The next president could help treat this enduring myopia. One way to do so would be to look globally to see how other advanced industrialized nations have challenged inequality. They have done so not by focusing exclusively on progressive taxation, on “soaking the rich.” Rather, other countries such as Germany, the Netherlands, and Sweden have used broad-based regressive taxes on consumption, like the value-added tax (VAT), to generate robust public revenues that, in turn, can be used to underwrite a variety of egalitarian social-welfare programs, from investments in education to national health care to childcare. Some observers might argue that consumption taxes like the VAT may be regressive, falling more heavily on the poor and middle classes than the rich. However, in Europe, the revenues associated with a regressive VAT have funded progressive programs that have disproportionately favored poor and lower-income families that otherwise would have had less access to social-welfare programs.

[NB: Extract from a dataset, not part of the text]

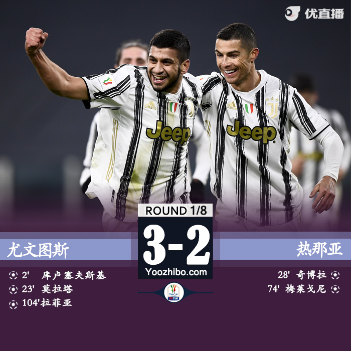 24直播网1月14日讯 北京时间1月14日4:15,意大利杯1/8决赛,尤文迎战热那亚。上半时库卢塞夫斯基斩传射,莫拉塔破门,茨博拉扳回1球,尤文两粒进球越位在先无效。下半时皮亚察中框,梅莱格尼扳平比分。90分钟战罢2-2双方进加时,加时上半时莫拉塔达成传射助拉菲亚破门,加时下半时阿图尔门线救主。最终,尤文3-2热那亚晋级,尤文1/4决赛将对阵萨索洛与斯帕尔之间的胜者。

In recent years, some U.S fiscal policy analysts have suggested establishing a tighter link between the American tax-and-transfer systems. They have recommended, for example, that the United States adopt a general, yet moderate, VAT on all goods and services to pay for skyrocketing healthcare costs. The revenues generated by such a VAT could be used for progressive spending policies, such as funding the spiraling costs of Medicare and Medicaid—a policy that would benefit the poor and middle classes to a larger degree than the rich.
While ideas like a healthcare VAT remain controversial, a new president with the right amount of political and social capital may be able to propose such bold and ambitious reforms. They may not work at first, but there is an art to losing that suggests that initial setbacks can lay the foundation for future success. Although President Bill Clinton failed to pass comprehensive health care reform, some might argue that the proposal and accompanying debates primed voters, policymakers, and interest groups to be more accepting of President Barak Obama’s subsequent, successful healthcare reforms. If the next president is to transform “magical fiscal thinking” into reality, if they are to treat the American case of fiscal myopia, he or she will need to take a chance on similarly bold and ambitious reforms.
Ajay K. Mehrotra is Executive Director and Research Professor at the American Bar Foundation, an independent research institute based in Chicago, Illinois. He is the author of Making the Modern American Fiscal State: Law, Politics and the Rise of Progressive Taxation, 1877-1929 (2013), and the co-editor (with Monica Prasad and Isaac William Martin) of The New Fiscal Sociology: Taxation in Comparative and Historical Perspective (2009).